Anyhoo, beach day. My mother’s friend takes me up this skinny mountain road that winds through this lush tropical forest, occasionally opening up onto this ridiculous vista overlooking the ocean, and essentially leaves me struck dumb for twenty minutes. And then suddenly we’re at the beach. With several hundred other people. It was an incredibly surreal experience. 



We walked along the beach for a bit, and at one point I spotted a $1.00 TT bill floating in the water. I snatched it up and proclaimed it to be my lucky ‘sand dollar’. Yuk yuk.



Then, before I started to worry about having to re-apply the sunscreen to my tattoo, my mother’s friend decided it was time for me to be introduced to a native staple called Bake ‘n Shark (which I initially thought, when I first heard it pronounced, would somehow involve bacon). There were probably a dozen or so shacks selling the stuff, but only one had a line: the world-renowned Richard’s Bake ‘n Shark, which has been featured on The Food Network.
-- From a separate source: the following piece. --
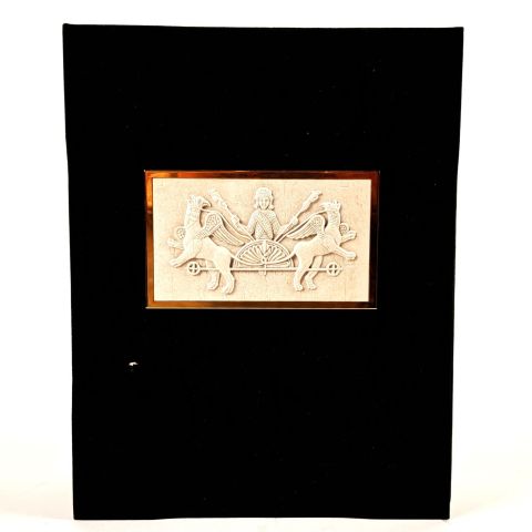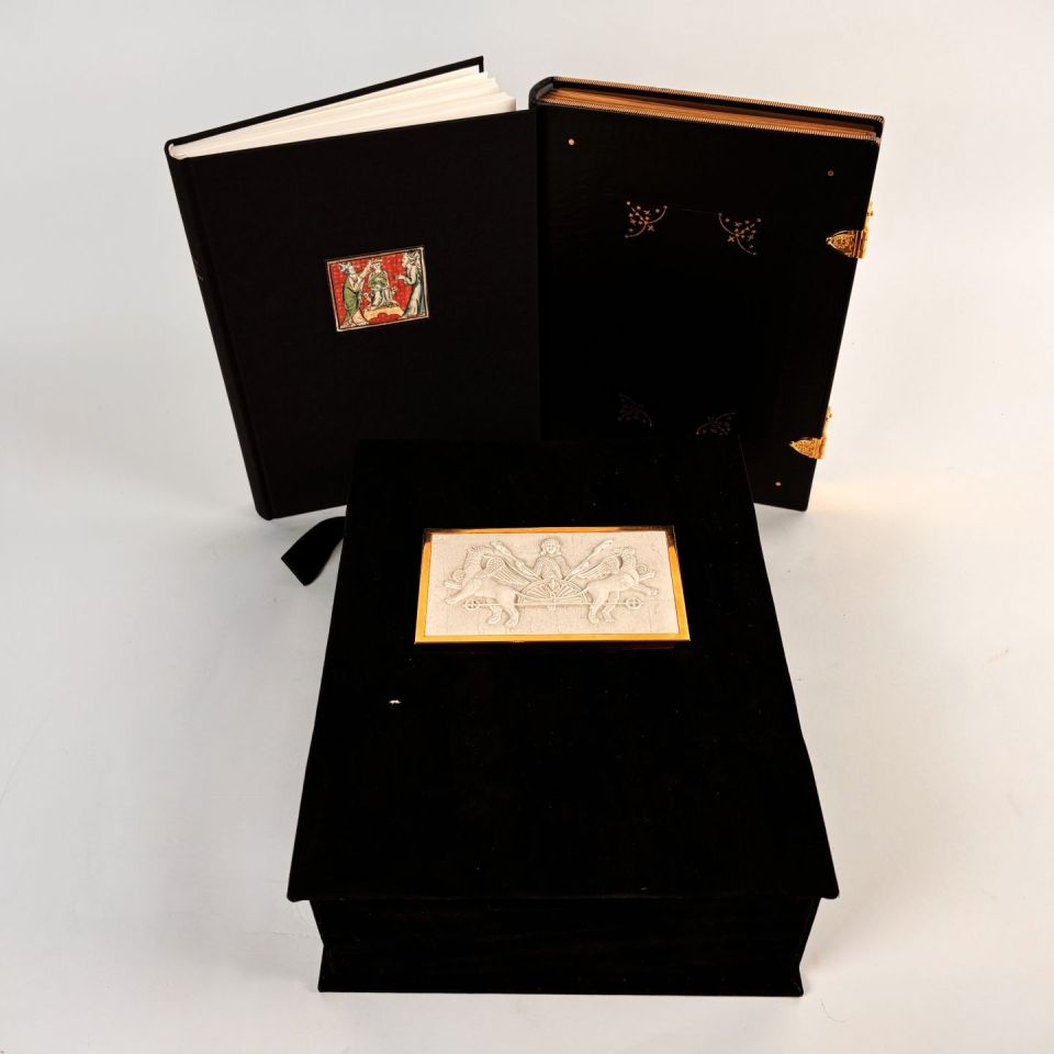 Explanatory volume and full-leather book with gilt clasp featuring the original illuminated text.

We queued for maybe twenty minutes, and when we finally got up to Richard himself, my mother’s friend chatted him up, and he generously gave us double portions of the fried shark, tucked into a hot and fluffy roll. I slapped on some condiments, sat down, and dubiously took my first bite. 

Now bear in mind that I am a staunch anti-fish person when I say this:

It

Was

Awesome.

And that is that. Leave me alone.

So I got home feeling like I’d finally gotten a taste (literally and figuratively) of what this island has to offer. And then the night got even better. I hung out on the back porch, feeling the breeze, and listening to the anachronistic sounds of Cyndi Lauper, Joan Jett, Sinead O’Connor and Heart wafting from the downtown area.

Then I decided to practice my drum, and my drum instructor’s wife came out and chastised me for playing with it covered. (She keeps trying to convince me I don’t have to be afraid, but I’m still embarrassed.) Then she offered to play with me, and I got so excited that I forgot all about my embarrassment and whipped the cover off.

Then she took me to meet my drum instructor’s mother, the former director of the National Heritage Library, and current poet laureate of Port of Spain (the capitol). She’s an amazing artist/activist, and I hope I get the chance to hang out with her often. She’s definitely the kind of inspirational person that I want to surround myself with.

Before we left she introduced me to two more traditional Trinidadian tastes: a drink called Mauby, made from bark, with anise added to it. It’s apparently very cooling and good for cleaning the blood, so I definitely need to get me some of that. 



And the other was something they call fig, which is actually green bananas. She’d made it into a kind of pie that was similar in taste and texture to chicken parmesan, and outrageously delicious. I could’ve made a full meal of it.

A lot of gifts this weekend.

Today’s Trinidadian Impression: It’s going to take some time to get used to the driving here. In addition to driving on the other side of the road, none of the roads have double yellow lines. Just single white ones. And that constantly makes me think every road is a one-way road, with two lanes.

Thank god I decided not to ship my motorcycle down with me. I’d be dead already.